Вторая: Дружок! я тебя не узнаю, еще сегодня храбрый воин, и вдруг – паяц!

Хлопец: Тоже, художник на шашке! Знаем вашего брата! продувная братия.

– А что? Я учился живописи. Не закрашивать же мне губы, я ведь не женщина. Они у вас бледные, как земля, а теперь горят, как огонь. Ну, а мы целуемся шашками. Цокаемся. Ловкие, сердитые поцелуи на морозе. Я не скрываю, что это краска, а не кровь.

– Дружок, а про расстрелы, может быть, тоже живопись на лезвие молчания? – Она наклонилась к нему и, обняв его голову руками, захохотала. – Так вот ты кто? Трудится, как художник, на лезвие шашки головки выводит золотоволосые. Ах ты, миляга, миляга! Сердечная душа.

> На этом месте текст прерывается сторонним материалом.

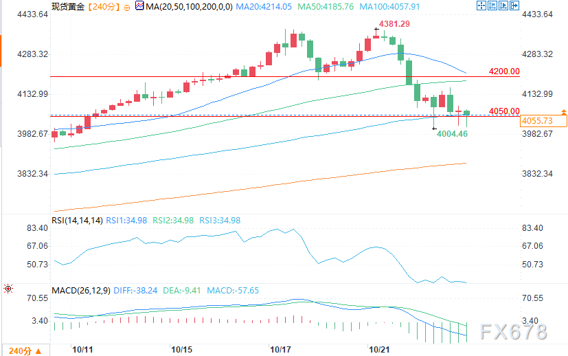 汇通财经APP讯——周三(10月22日),金价持续承压,曾一度接近4000美元关口,随后获得反弹空间,盘中回升至4050美元附近。美元在周三上半段保持温和但积极的涨势,不过在华尔街股市开盘后逐渐失去动能。
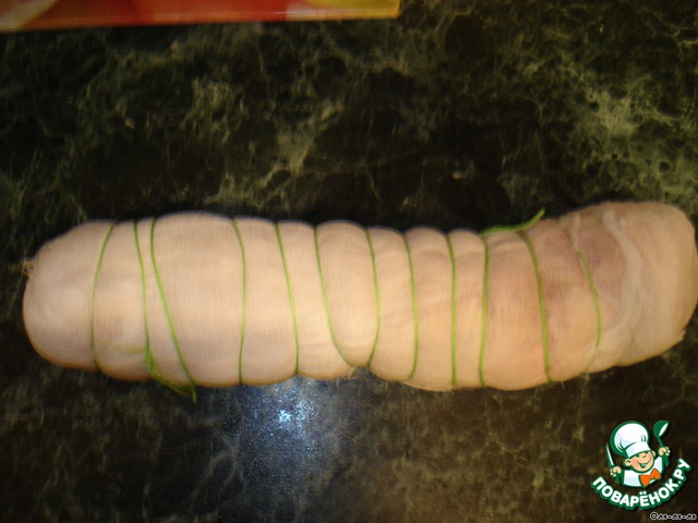 Аккуратно свернуть рулет, связать нитками и варить в бульоне около 1 часа.

– Воображаю ночную темноту, и два всадника целуются шашками. Ночь молчит. Какая дуся! Какая дуся! Кругом трава выше человека.

– Не верите, как хотите. Это в порядке вещей. Вы, женщины, красите себе губы, а я свою шашку, что тут неестественного? Ну, довольно.

Он туго затянул голову платком и надел череп, поддерживая рукой. Его дикие скачки слепого, во все стороны, разогнали всех и заставили жаться в угол. Страшные жмурки! Высокая дикая тень, размахивая руками и с бледным черепом, металась по крыльцу и вдруг разразилась неожиданным крепким гопаком, так что тряслись половицы. Он сбросил жупан на землю и был страшен, в голубой шелковой рубашке, дико расставляя ноги, размахивая костлявыми руками.

Этим воспользовались братья и, будучи дюжими ребятами, схватив воина за ноги и за руки, немедля вынесли в сад. Волны мужского хохота доносились оттуда. «Охо-хо-х! – задыхался один, – охо-хо-х!» – задыхался от смеха другой. Все тонули в сумерках. «Кузнечик, кузнечик, – неслось оттуда, – настоящий кузнечик!».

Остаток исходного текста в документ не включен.